WHAT THIS TASK INVOLVES - Report every line below that has the string "after" in it.

Items from a dataset
# # # # # # #

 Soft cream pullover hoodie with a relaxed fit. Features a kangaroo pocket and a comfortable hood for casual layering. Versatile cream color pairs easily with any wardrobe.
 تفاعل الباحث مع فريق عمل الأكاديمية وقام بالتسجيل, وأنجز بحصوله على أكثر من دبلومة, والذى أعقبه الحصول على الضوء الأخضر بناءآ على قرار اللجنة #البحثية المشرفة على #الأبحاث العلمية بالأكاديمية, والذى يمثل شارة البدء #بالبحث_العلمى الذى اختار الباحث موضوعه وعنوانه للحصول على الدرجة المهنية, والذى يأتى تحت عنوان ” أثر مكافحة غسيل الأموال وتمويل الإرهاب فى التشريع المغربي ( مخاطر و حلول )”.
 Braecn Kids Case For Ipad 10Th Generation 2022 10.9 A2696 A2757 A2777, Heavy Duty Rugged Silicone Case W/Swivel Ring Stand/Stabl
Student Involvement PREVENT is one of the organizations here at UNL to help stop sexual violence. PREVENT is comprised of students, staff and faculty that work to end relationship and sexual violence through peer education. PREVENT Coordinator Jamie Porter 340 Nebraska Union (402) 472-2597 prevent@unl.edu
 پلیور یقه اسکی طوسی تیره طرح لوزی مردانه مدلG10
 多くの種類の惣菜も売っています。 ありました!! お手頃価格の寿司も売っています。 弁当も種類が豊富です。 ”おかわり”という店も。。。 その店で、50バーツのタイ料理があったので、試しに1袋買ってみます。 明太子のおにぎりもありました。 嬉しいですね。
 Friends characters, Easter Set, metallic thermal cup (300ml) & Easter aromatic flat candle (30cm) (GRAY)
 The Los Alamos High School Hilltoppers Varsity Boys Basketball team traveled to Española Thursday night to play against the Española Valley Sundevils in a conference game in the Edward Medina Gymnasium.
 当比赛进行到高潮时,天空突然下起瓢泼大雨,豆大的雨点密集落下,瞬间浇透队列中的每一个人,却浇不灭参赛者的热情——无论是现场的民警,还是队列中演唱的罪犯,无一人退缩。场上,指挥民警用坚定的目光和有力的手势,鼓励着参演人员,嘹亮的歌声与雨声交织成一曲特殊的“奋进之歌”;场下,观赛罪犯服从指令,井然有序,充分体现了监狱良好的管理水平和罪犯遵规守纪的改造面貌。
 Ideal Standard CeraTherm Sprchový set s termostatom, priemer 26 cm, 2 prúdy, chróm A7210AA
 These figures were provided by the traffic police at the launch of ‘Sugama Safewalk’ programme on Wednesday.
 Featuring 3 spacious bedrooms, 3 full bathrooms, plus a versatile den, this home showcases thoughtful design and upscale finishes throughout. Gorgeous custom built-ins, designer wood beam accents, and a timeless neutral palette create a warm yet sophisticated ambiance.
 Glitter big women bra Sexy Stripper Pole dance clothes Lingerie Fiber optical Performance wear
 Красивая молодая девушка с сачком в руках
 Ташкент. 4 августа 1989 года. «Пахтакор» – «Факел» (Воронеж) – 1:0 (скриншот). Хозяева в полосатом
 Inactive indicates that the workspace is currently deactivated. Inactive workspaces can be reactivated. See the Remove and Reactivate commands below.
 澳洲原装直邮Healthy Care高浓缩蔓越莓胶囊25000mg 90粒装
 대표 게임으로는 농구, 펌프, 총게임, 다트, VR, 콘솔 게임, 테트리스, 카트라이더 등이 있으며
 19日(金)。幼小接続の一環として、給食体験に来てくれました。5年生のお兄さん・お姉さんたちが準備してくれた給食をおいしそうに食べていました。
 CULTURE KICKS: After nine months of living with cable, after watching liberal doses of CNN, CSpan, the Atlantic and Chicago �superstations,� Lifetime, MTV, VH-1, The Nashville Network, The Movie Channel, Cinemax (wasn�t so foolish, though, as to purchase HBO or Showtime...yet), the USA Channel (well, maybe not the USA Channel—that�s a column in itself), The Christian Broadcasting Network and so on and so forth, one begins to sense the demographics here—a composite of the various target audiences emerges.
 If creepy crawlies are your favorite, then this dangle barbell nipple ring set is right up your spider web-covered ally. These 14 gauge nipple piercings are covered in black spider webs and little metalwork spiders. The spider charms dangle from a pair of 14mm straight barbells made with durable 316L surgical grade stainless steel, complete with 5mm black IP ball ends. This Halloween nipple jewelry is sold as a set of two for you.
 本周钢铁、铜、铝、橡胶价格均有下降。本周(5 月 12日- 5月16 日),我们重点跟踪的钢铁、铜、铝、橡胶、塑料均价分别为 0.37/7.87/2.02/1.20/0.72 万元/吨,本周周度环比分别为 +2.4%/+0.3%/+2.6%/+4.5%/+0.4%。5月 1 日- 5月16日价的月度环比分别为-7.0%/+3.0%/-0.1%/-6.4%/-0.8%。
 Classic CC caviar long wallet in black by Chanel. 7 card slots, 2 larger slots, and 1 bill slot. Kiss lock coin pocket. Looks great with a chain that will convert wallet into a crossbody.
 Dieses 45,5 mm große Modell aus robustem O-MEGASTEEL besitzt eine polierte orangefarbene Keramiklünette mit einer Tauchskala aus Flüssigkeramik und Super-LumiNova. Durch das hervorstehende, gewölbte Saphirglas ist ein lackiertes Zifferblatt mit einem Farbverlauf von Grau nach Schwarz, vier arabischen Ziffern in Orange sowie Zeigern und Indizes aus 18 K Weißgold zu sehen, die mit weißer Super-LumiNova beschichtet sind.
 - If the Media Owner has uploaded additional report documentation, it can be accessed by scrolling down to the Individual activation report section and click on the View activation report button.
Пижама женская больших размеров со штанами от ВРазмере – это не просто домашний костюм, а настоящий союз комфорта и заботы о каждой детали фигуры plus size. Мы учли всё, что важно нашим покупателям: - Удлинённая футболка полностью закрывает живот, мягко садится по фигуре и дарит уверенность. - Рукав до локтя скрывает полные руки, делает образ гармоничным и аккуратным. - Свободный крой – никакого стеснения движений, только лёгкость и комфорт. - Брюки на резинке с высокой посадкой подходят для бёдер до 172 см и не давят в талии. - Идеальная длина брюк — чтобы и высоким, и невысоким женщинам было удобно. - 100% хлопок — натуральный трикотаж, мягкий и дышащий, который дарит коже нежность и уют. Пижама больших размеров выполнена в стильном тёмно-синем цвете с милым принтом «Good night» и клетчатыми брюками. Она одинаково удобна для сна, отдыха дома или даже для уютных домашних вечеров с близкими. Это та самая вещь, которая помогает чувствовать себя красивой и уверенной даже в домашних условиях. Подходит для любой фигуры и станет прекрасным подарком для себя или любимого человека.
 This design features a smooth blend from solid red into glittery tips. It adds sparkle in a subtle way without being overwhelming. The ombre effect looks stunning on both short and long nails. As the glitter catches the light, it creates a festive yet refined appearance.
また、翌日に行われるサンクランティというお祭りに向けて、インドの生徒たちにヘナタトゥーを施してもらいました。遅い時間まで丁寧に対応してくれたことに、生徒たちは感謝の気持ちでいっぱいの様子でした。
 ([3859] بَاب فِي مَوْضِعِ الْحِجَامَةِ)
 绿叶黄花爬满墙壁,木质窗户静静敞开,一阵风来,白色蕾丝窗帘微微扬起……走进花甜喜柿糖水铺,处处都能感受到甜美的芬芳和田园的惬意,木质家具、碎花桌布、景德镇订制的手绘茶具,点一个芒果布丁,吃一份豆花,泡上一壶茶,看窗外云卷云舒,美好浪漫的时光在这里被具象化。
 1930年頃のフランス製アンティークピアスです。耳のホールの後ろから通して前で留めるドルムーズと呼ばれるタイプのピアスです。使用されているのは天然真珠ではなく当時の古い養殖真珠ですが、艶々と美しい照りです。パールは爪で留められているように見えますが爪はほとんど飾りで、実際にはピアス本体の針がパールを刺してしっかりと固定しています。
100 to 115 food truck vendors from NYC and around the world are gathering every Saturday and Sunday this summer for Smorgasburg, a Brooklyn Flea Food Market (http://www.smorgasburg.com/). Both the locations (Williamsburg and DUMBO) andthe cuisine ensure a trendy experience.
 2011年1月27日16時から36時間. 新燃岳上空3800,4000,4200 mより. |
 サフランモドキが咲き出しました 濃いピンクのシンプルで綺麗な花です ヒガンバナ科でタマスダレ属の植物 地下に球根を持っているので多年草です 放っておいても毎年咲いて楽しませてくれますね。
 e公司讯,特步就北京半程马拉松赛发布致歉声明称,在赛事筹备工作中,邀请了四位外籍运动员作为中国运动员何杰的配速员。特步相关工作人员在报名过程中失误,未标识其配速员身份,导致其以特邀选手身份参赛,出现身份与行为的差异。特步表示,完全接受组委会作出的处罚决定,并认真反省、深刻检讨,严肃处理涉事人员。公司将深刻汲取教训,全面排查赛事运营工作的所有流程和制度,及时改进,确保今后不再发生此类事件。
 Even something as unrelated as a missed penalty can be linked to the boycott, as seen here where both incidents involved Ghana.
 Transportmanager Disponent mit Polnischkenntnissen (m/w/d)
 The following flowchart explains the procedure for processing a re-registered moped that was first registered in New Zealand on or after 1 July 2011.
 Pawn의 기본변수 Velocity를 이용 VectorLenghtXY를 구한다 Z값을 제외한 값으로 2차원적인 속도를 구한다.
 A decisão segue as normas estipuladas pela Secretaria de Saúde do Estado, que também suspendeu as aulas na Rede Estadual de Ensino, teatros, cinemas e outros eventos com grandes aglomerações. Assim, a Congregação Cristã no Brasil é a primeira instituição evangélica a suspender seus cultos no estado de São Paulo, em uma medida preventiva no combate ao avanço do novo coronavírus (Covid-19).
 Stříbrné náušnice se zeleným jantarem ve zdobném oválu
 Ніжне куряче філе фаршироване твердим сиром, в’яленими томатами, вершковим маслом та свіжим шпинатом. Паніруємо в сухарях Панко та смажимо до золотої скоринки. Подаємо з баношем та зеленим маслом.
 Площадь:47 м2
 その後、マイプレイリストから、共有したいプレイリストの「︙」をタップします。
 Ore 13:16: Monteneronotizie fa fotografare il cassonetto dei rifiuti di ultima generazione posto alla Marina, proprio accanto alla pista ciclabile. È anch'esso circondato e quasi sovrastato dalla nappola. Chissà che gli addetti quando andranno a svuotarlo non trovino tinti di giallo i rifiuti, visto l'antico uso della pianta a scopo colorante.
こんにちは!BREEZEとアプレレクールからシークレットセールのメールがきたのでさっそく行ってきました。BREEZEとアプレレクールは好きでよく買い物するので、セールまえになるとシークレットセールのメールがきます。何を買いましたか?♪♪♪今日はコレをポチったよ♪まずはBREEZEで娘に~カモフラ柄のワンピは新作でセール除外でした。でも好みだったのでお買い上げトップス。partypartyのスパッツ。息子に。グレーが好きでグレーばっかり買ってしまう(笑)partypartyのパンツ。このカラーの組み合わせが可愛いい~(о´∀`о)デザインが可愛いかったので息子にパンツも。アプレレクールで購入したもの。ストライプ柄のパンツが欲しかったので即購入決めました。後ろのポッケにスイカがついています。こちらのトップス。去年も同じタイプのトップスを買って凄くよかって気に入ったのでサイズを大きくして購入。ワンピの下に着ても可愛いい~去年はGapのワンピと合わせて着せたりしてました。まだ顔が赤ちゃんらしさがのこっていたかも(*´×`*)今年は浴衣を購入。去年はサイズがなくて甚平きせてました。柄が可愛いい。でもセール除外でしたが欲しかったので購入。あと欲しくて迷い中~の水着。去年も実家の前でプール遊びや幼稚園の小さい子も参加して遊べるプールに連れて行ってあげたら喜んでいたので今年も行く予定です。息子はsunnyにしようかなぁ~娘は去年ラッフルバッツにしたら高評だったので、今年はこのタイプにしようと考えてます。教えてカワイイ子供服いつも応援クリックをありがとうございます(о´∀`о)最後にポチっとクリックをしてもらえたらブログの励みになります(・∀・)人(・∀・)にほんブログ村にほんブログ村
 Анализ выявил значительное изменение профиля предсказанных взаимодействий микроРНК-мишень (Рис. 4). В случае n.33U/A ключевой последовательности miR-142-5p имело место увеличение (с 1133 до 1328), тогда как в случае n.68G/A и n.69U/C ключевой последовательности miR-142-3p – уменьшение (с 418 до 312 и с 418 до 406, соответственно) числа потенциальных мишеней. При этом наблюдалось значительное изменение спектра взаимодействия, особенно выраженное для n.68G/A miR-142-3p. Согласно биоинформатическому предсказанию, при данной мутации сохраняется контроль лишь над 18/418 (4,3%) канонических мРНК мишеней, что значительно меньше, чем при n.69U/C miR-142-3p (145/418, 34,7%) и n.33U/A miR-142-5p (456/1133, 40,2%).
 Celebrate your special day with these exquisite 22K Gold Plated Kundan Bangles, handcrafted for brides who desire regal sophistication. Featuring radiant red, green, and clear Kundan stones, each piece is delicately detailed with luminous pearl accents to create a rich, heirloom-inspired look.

# # # # # # #

REPLY -
 CULTURE KICKS: After nine months of living with cable, after watching liberal doses of CNN, CSpan, the Atlantic and Chicago �superstations,� Lifetime, MTV, VH-1, The Nashville Network, The Movie Channel, Cinemax (wasn�t so foolish, though, as to purchase HBO or Showtime...yet), the USA Channel (well, maybe not the USA Channel—that�s a column in itself), The Christian Broadcasting Network and so on and so forth, one begins to sense the demographics here—a composite of the various target audiences emerges.
 The following flowchart explains the procedure for processing a re-registered moped that was first registered in New Zealand on or after 1 July 2011.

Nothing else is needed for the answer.